3.2 Dimensionality reduction techniques

[6][7] evaluated and compared five different reduction techniques, Document Frequency (DF), TFIDF and Latent Semantic Indexing (LSI) methods, Light-Stemming and Root-Based stemming. The dataset used in the experiment is a set of prophetic traditions or "Hadiths'. It includes 453 documents distributed over 14 categories. The performance of categorization system was evaluated by macro averaging F-measure. The experimental results showed that the performance of Back-propagation learning in neural networks was improved by using reduction techniques .The F-measure of BPNN using DF, TFIDF or LSI methods is better than the F-measure of BPNN using Stemming, Light- Stemming and All Features (without reduction). Therefore the DF, TFIDF and LSI methods are favorable in terms of better classification accuracy when compared with the two other methods.

3.3Classification Methods

[4] [12] A modified version of Artificial Neural Network (ANN) method is proposed for classifying Arabic texts by [8]. The authors have used a Singular Value Decomposition (SVD) for data representation, which is a new representation space of the observations. A collection of Prophet Mohammad's 'Peace Be Upon Him' Hadeeth was collected from the "Nine Hadeeth Book". The data consists of 453 documents that are associated with fourteen categories. A comparison between the proposed method (ANN with SVD) and the original ANN was carried out against the Arabic corpus with reference to F1 evaluation measure. The results revealed that (ANN with SVD) outperformed the classic ANN when dimensionality increased.

[5] [13] evaluated the performance of four different classification approaches, which are: decision tree (C4.5), rule induction (RIPPER), simple Rule (One Rule), and hybrid (PART) on CCA text collections. The CCA taken from the online sources of Leeds University consist of 415 documents. The authors have processed the data before performing the training where punctuation marks, numerical data, non-Arabic text, function words and stop words have been removed.
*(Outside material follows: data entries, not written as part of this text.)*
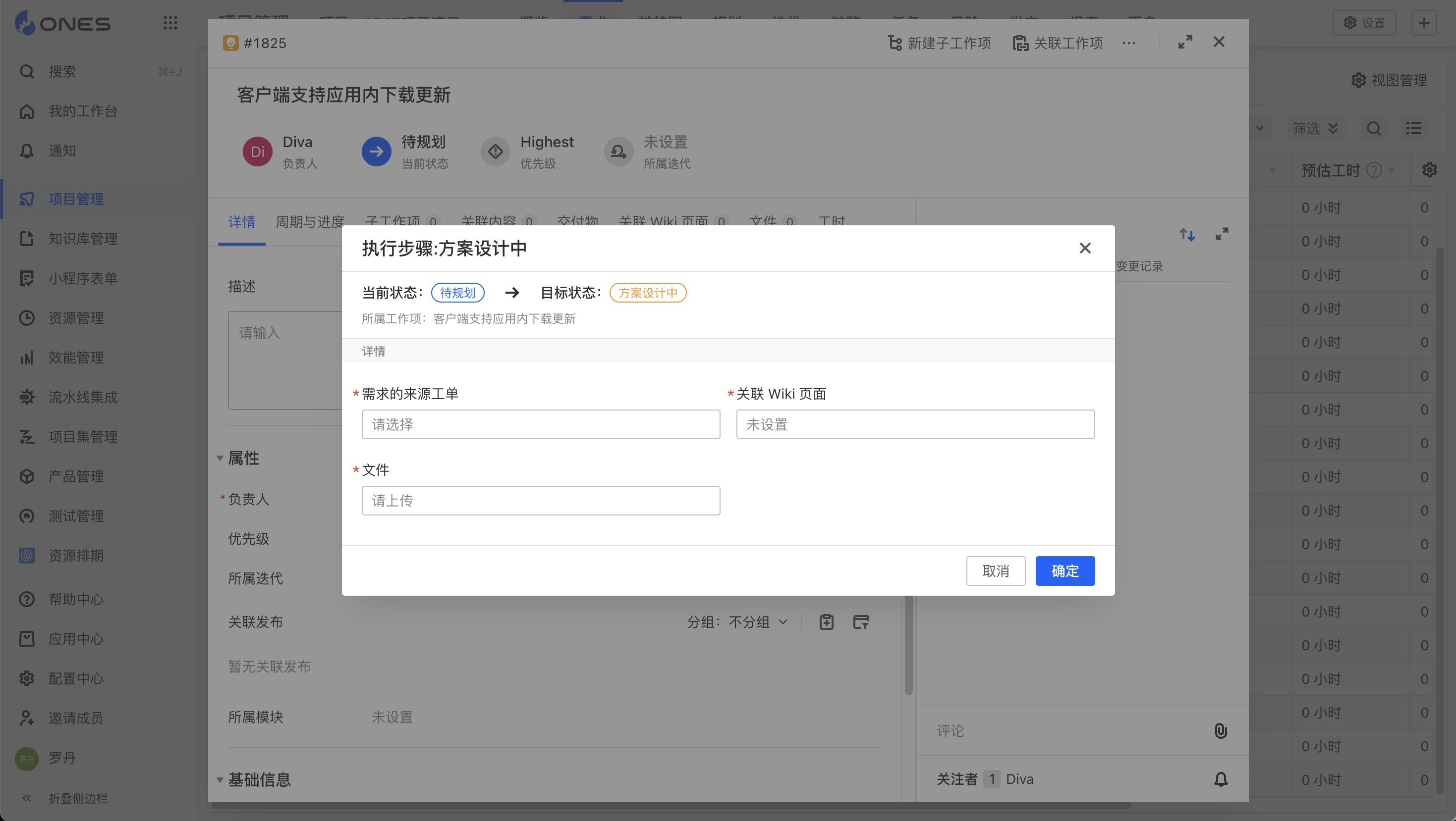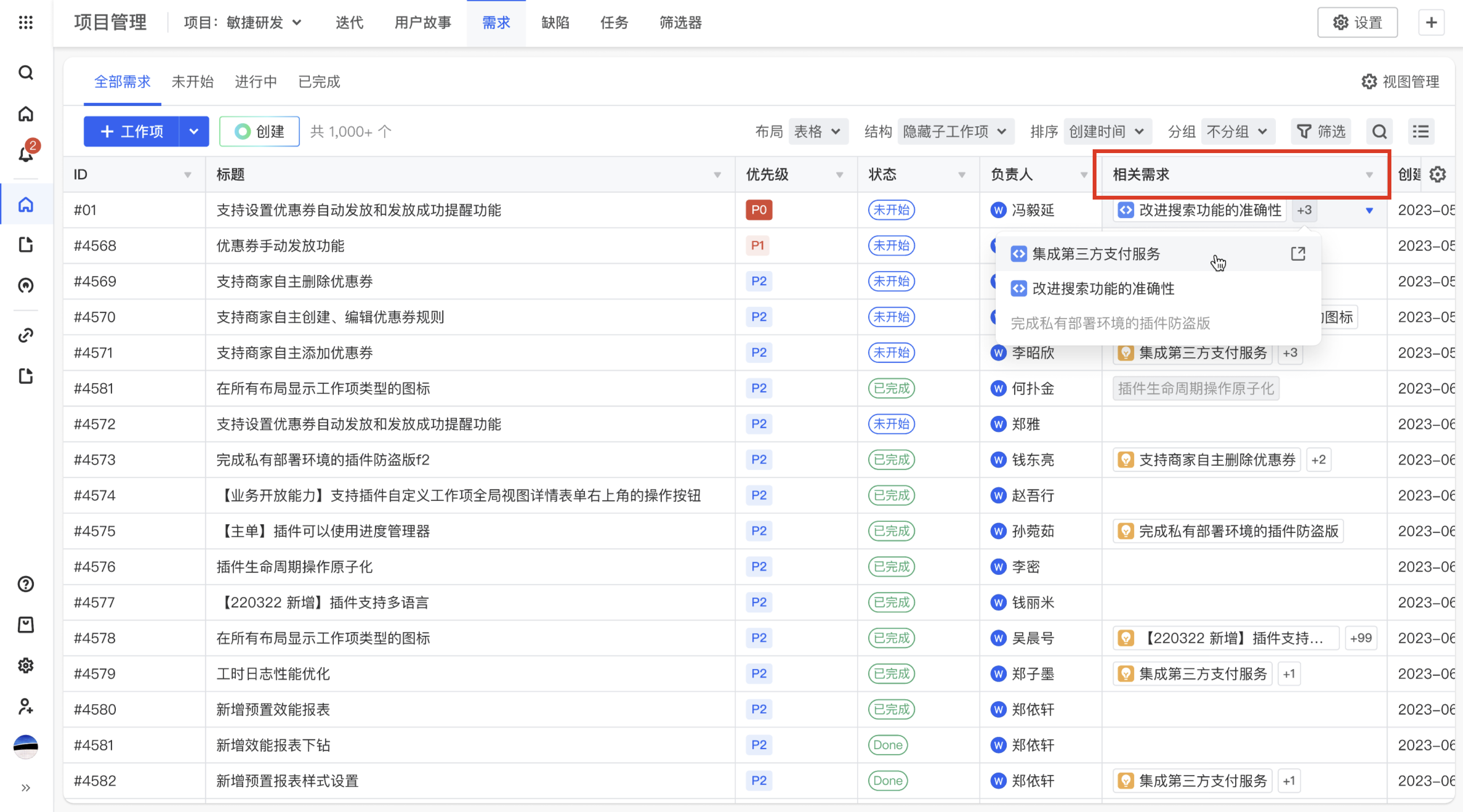 支持上下级工作项间自动触发条件校验与流程分支,例如:当所有子任务完成后,父任务的状态可自动更新为「可验收」,实现流程的自动化推进。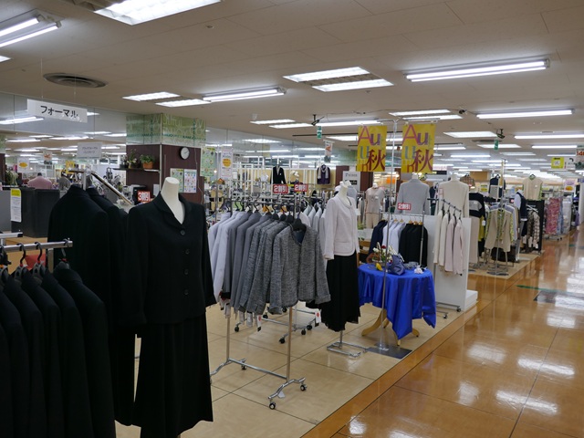 2階フロアはカネジョウデパートが営業。衣料品と寝具を主力に、多くのラインナップを展開している。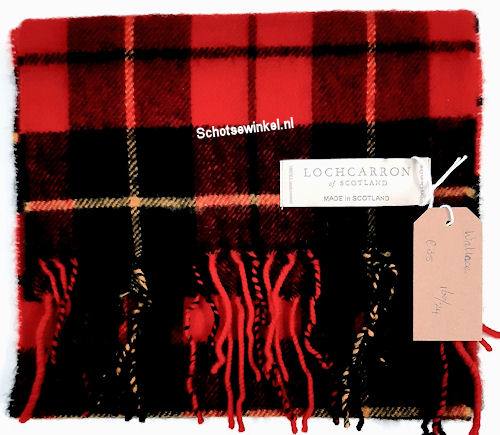Shawl -Fraser Red : mod, 100% lamswol. Afmeting ca. 24 x 160 cm.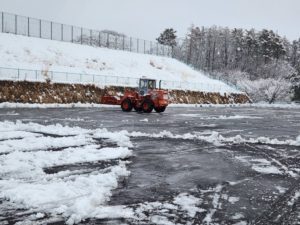 長坂中南駐車場は、長坂総合支所の計らいで、道路の雪かきを終えた業者さん(峡北建設 様)が除雪に来てくださり、なんとか卒業式に間に合うように除雪を終えることができました!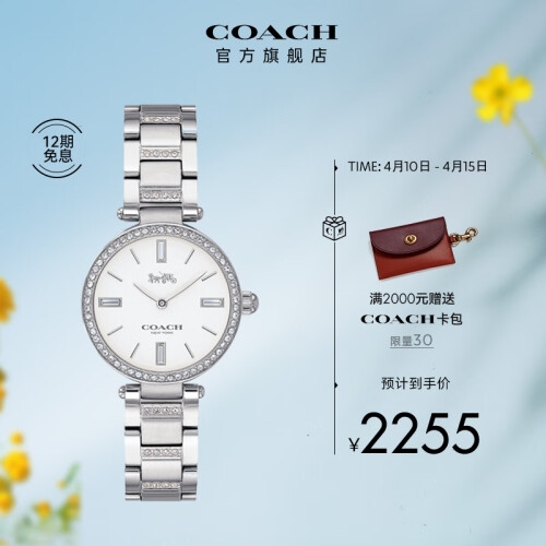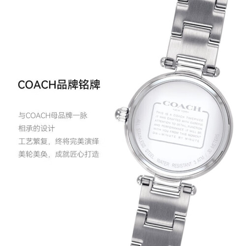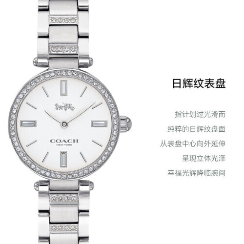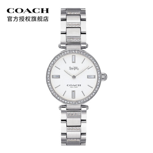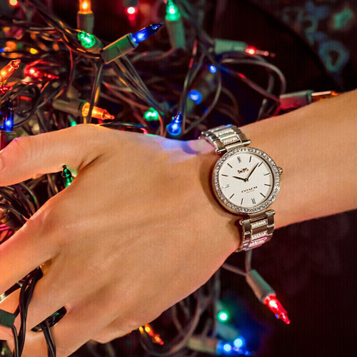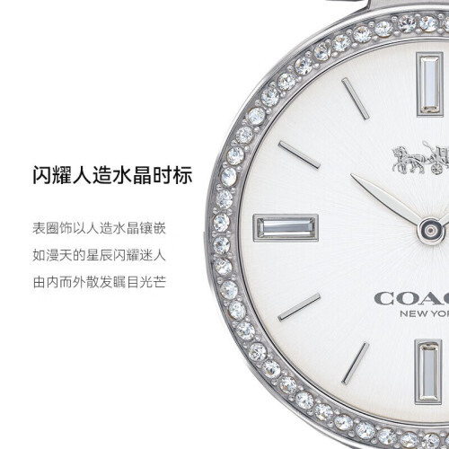 COACH 蔻驰 PARK系列 女士石英表 14503097,以纽约派克大街命名的PARK系列腕表,,将现代简约与精致瑰丽巧妙融合,展现都市女性多元的自信魅力。表镜采用矿物水晶表镜,通透度高,清晰透亮,无水纹及起泡,不易磨损刮花,搭配链式不锈钢表带,镶嵌小颗粒水晶,与表盘相互呼应,打造柔美气质。

Moreover, the documents in the CCA data set are stemmed using Khoja Stemmer in which all-Arabic word return to their root. The experimental results showed C4.5 algorithm achieved more precision on average 77.6%, 1%, and 1.2% respectively than OneRule, RIPPER, and PART algorithms. Additionally, this algorithm gained respectively more recall on average 59.7%, 1.6 %, 1.1% than OneRule, RIPPER, and PART algorithms.
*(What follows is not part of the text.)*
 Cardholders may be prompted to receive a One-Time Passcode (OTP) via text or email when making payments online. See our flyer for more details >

[9] [14] evaluated the performance of two common clustering techniques SVD and K-means on 611 tweets gather from Twitter using TweetMotif from different topics. The authors have processed the data before performing the training where stop words have been removed and stemmed the words to their base form used Porter Stemmer. The experimental tests show that hat graph- based approach using affinity propagation performs best in clustering short text data with minimal cluster error.

[13] [15]proposed multi classifier system to improve accuracy of text categorization, where a separate model is built for each of the pre-defined categories. The model for each category acts as the main classifier for that category and as an auxiliary for all the other categories. The classifier system is composed of the following parts: (1) Document scoring; compute the relative frequencies of words to each pre-defined categories, (2) Classification Rule Generation; set a threshold value for the document score, such that documents with scores above the threshold are belonging to the category and the rest are not belonging to that category. (3) Tie Breaking, After the initial classification done a subset of the documents could be assigned to more than one class. In order to break these the ties formal was defined (4) Residual Classification; assigned class to the remaining residual (unclassified) document. The author has tested the proposed system on the BBC Sports corpus. The results showed good classification accuracy of both macro-averaged and micro- averaged F-measures 94.7% and 94.3% respectively.
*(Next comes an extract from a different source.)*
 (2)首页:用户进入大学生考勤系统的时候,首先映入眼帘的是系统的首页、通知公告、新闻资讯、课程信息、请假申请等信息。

[20] [16]evaluated the performance of two common data mining approaches Naïve Bayesian method (NB) and Support Vector Machine (SVM) on different Arabic data sets. The data set consist of 2244 Arabic documents of different lengths that belong to 5 categories. The experimental tests have revealed that SVM classifier have 6.9%, 6.5% and 7% higher Recall, Precision and F1 than NB respectively.

[2] [17] proposed system to detect novel Arabic news based into two steps: topic detection follows by novelty detection. Topic detection process aims to detect the topic for new arriving news article, this process based on a manual extraction of Arabic keywords related to each category. Then extract the title word for new news and compute score similarity between title word and the keyword for each category. Finally, the new news will belong to the category that keywords are highly similar to extracted title words, which indicate by taking the highest computed similarity score. The second major step for the novel system detection is Novelty detection this process achieved by many step: preprocess the news article by removing stop words and finding the stem of term. Then compute the cosine similarity between news vector and other news vectors exist in dataset with threshold 60%. The news article is considered new when its computed similarity score is low, otherwise it is considered redundant.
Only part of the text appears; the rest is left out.